**Work required:**
Say only how many lines in the entries below contain the word "with".
===== Dataset records
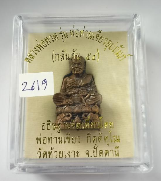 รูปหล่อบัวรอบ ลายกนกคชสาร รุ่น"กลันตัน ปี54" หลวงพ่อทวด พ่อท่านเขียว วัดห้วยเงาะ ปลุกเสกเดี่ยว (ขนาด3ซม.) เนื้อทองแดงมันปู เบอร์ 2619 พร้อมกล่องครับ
==========
===== Dataset records
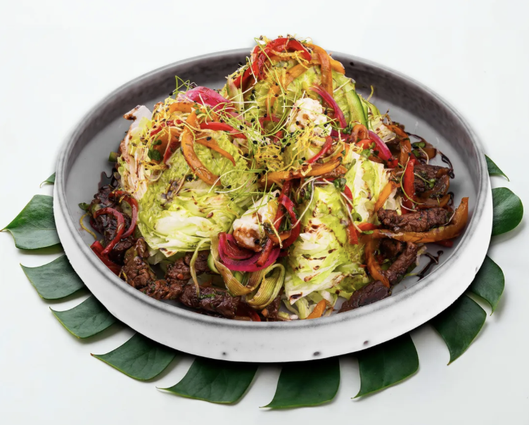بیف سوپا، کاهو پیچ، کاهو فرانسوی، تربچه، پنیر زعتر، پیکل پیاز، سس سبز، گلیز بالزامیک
==========
===== Dataset records
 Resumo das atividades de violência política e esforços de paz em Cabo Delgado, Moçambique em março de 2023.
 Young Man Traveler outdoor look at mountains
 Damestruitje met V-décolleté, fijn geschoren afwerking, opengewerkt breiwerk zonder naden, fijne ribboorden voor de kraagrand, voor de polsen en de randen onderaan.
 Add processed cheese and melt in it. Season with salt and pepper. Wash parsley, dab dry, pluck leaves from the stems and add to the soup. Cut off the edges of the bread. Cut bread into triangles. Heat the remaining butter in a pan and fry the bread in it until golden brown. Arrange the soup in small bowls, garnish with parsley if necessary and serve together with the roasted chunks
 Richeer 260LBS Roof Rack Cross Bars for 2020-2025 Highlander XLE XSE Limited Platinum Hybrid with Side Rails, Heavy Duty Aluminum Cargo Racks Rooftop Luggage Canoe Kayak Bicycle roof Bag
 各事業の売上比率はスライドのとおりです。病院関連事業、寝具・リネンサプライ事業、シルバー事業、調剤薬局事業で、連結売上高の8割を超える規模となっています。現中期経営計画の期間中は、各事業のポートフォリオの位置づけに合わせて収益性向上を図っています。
==========
**Written answer:**
2